What are the lines below, starting at the line containing "1924 hiperinflacja, ekspresowy" and ending at the line containing "BOSS Celana Panjang"? Write them out exactly, ends included, without pictures.

*SUPPLIED DATA:*
----------------
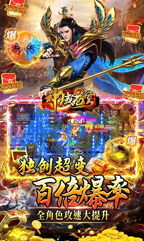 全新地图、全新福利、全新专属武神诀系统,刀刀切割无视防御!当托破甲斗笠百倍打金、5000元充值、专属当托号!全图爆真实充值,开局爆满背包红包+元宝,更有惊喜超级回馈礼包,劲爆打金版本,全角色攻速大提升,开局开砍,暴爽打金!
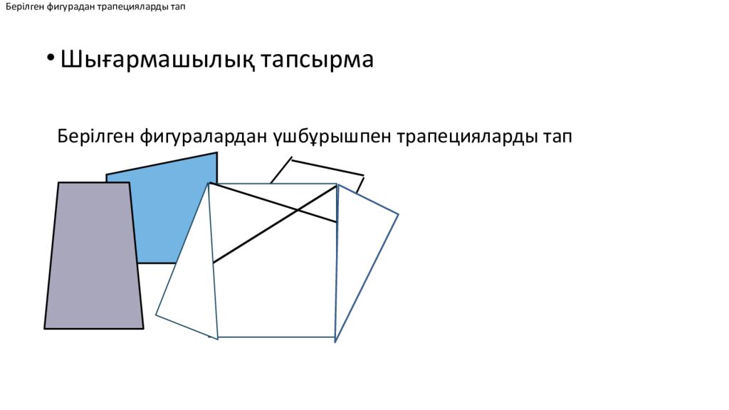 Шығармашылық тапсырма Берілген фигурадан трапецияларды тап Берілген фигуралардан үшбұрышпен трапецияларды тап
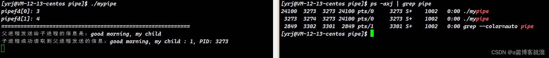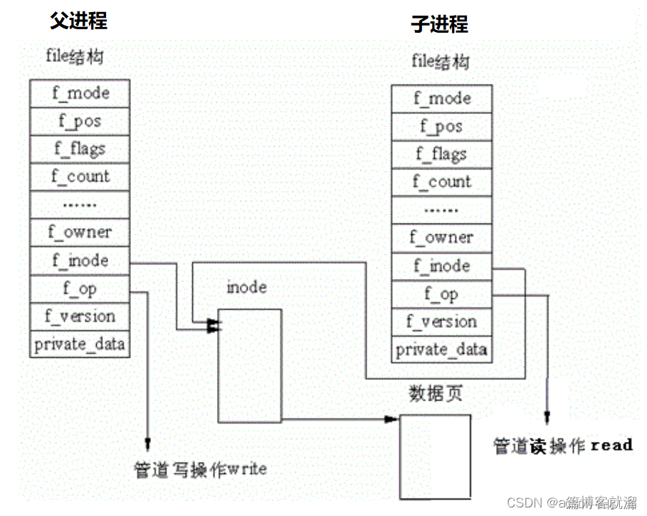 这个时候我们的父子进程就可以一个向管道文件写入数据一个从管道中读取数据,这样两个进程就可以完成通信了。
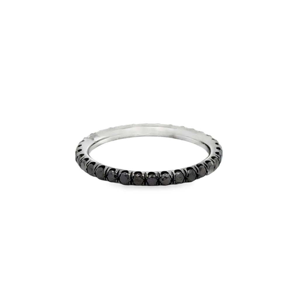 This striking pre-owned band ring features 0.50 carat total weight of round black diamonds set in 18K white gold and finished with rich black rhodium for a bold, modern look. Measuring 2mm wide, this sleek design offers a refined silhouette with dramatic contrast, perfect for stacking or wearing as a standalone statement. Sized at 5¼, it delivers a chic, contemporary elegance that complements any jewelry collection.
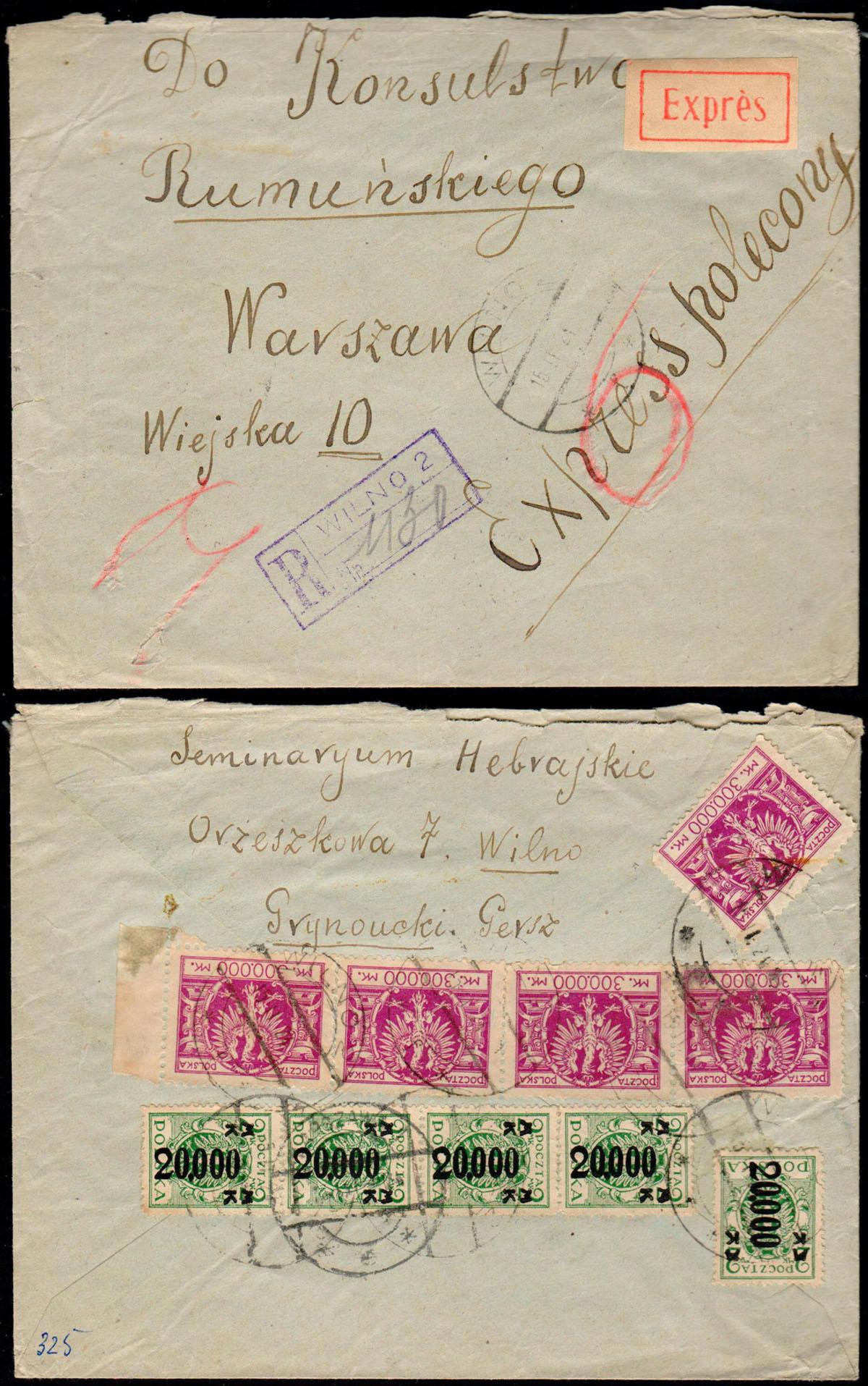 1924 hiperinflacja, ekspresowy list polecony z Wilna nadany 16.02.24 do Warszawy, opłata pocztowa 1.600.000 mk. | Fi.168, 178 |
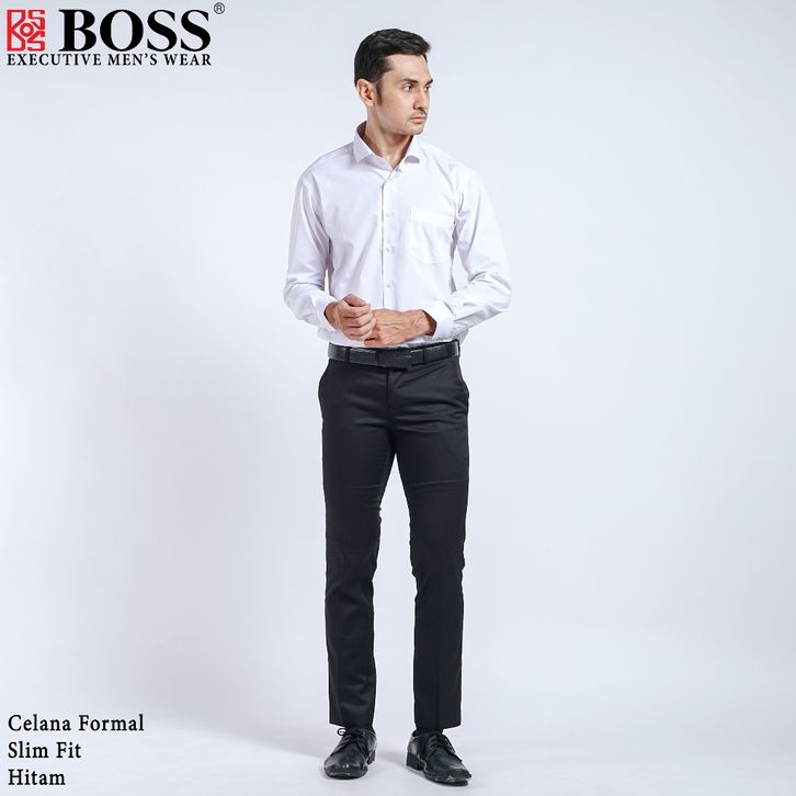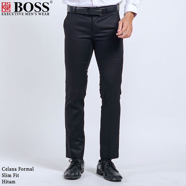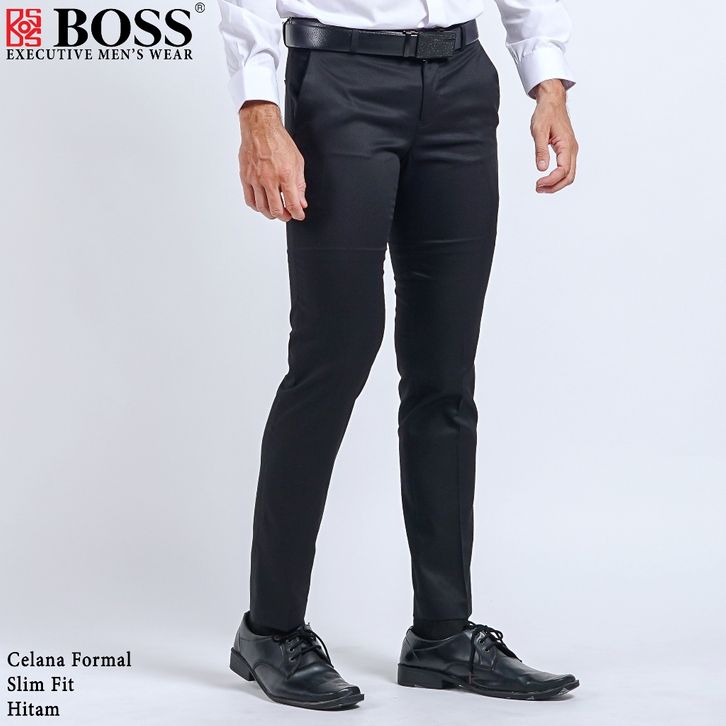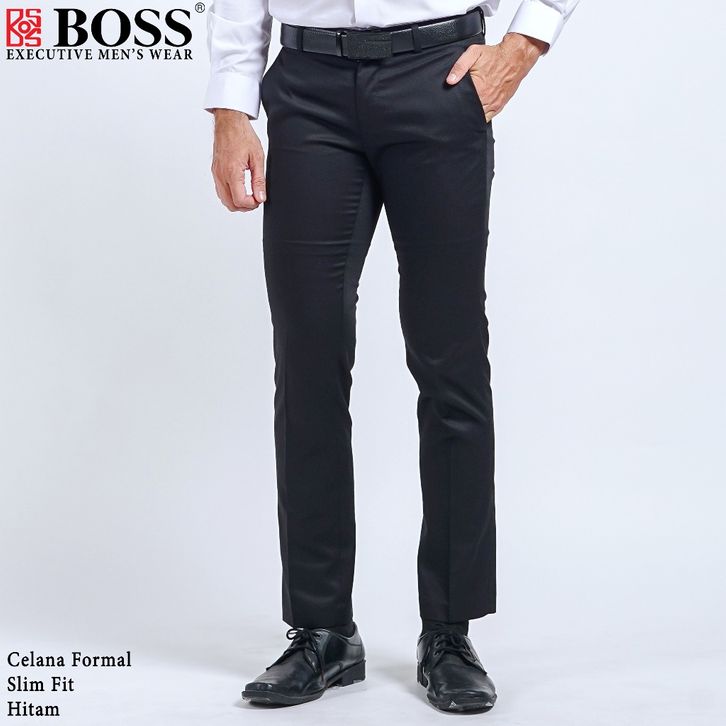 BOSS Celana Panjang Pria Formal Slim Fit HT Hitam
----------------
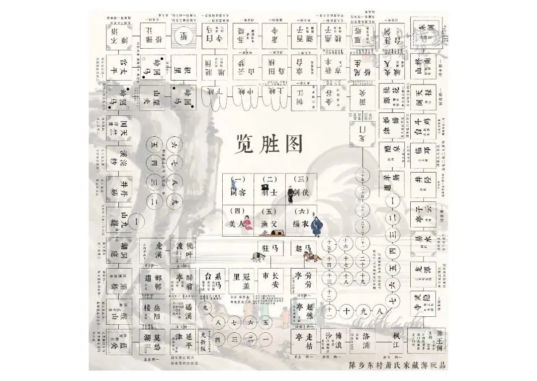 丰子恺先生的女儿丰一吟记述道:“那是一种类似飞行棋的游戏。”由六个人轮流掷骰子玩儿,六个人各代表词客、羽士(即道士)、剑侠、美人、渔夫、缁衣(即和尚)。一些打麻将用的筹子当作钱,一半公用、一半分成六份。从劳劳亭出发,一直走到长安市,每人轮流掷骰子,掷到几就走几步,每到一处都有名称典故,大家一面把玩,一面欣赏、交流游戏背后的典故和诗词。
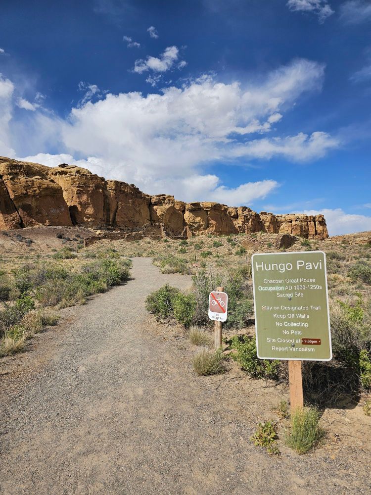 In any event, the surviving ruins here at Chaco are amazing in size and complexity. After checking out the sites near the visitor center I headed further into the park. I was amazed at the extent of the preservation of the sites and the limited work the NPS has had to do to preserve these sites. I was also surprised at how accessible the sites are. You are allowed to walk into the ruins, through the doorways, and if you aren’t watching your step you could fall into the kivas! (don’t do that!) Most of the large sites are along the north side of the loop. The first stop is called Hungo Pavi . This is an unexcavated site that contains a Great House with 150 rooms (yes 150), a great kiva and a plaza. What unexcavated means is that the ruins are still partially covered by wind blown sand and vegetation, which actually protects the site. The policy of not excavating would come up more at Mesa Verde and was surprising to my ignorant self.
----------------
*COMPLETED EXERCISE:*
 1924 hiperinflacja, ekspresowy list polecony z Wilna nadany 16.02.24 do Warszawy, opłata pocztowa 1.600.000 mk. | Fi.168, 178 |
 BOSS Celana Panjang Pria Formal Slim Fit HT Hitam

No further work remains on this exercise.